DanTDM. It's hell on Earth not being able to pick up a crying child and comfort it, so I feel your pain from that POV 💐

However, how do you know they aren't picking it up & trying to comfort it? Maybe it has reflux or something? If you know for sure they're not picking the baby up & doing their best to comfort it, then you need to report this asap. It's neglect. But you'd need to be very, very sure first first because if it is reflux or something, being reported could push them right over the edge.

AnnieAnoniMouse · 17/03/2017 15:25

passmethewineplease.

That's a lovely thought. It doesn't really matter what you take, it's the thought that counts. Just knowing your (noisy) neighbours realise you're being inconvenienced/disturbed and are sorry for that, goes a long way. As does having some idea when it might stop, or at the very least know they're trying to get it to stop.

PlumsGalore · 17/03/2017 15:32

Yes do it! My neighbour ahs been having work done (she sadly was diagnosed with MND last year) of course we haven't objected to the endless carers cars and workman vans parking in our spaces and blocking us in for months.

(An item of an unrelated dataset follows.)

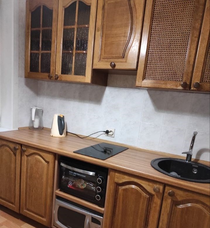 тёплая уютная квартира. новая бытовая техника. на кухне мини печь, микроволновая печь, индукционная варочная панель, холодильник, эл. чайник, кухонный гарнитур и сантехника, обеденный стол, два стула. в ванной комнате новая стиральная машинка. в комнате мягкая мебель диван с усиленной ортопедической французской раскладушкой, два кресла. имеется телевизор диагональю 47 дюймов, письменный стол и раскладной столтумба, просторный шкафкупе. во дворе парковка. окна во двор. предложение от собственника
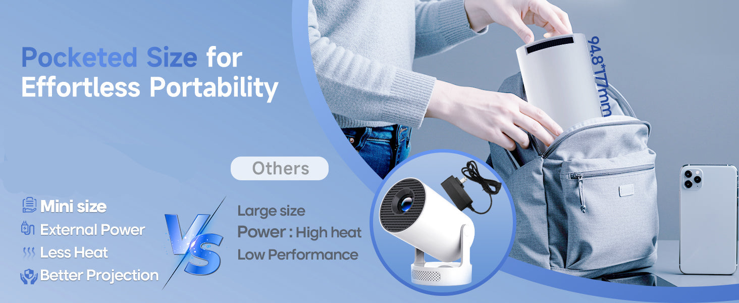 Designed for portability, this mini projector fits effortlessly in your bag or backpack. Set it up in seconds—ideal for outdoor movie nights, business meetings, or spontaneous adventures.

It was however grateful appreciated that they have been round twice with wine and flowers to apologise. As a previous poster said, it's nice to be considered.

danTDM · 17/03/2017 15:35

Thanks Annie, I know, because it screams and screams and stops as soon as it is picked up. I can hear the mans voice soothing it at this stage. I don't mind the mans voice, it's the screaming child. It is very upsetting. Usually after a good half hour the man, or woman, picks up the child.

I suppose they are sleep training, but in a flat? Sad

If the op has 2 and 3 year olds and I am facing this going forward I'm out of here.

Maybe I was lucky with my DD, but I am a firm but kind mother and I stick to my opinion on this Grin

BackforGood · 17/03/2017 15:36

I wouldn't like a gift of alcohol as I'm teetotal, but of course if a neighbour ever gave me a bottle of something I'd thank them and be touched by the gesture, but the alcohol would go down the sink which would be a waste of the money

Shock Why not give it away? Raffle prize or something, or even just to a mate. What a waste Shock - and I don't just mean because it is alcohol - I'd do the same with chocs I don't eat / candles / smellies / anything Grin
passmethewineplease · 17/03/2017 16:34

As listed dan I am trying. We remove noisy object from them and we remove them from the situation.

Short of moving there's not a lot else I can do, we do have some professionals involved at the moment so I'm hoping they will help us out a bit.

Thanks for your input though.

OP posts:
danTDM · 17/03/2017 16:42

You're welcome Smile
Understand it is AWFUL for your neighbours though.
It can totally ruin their quality of life.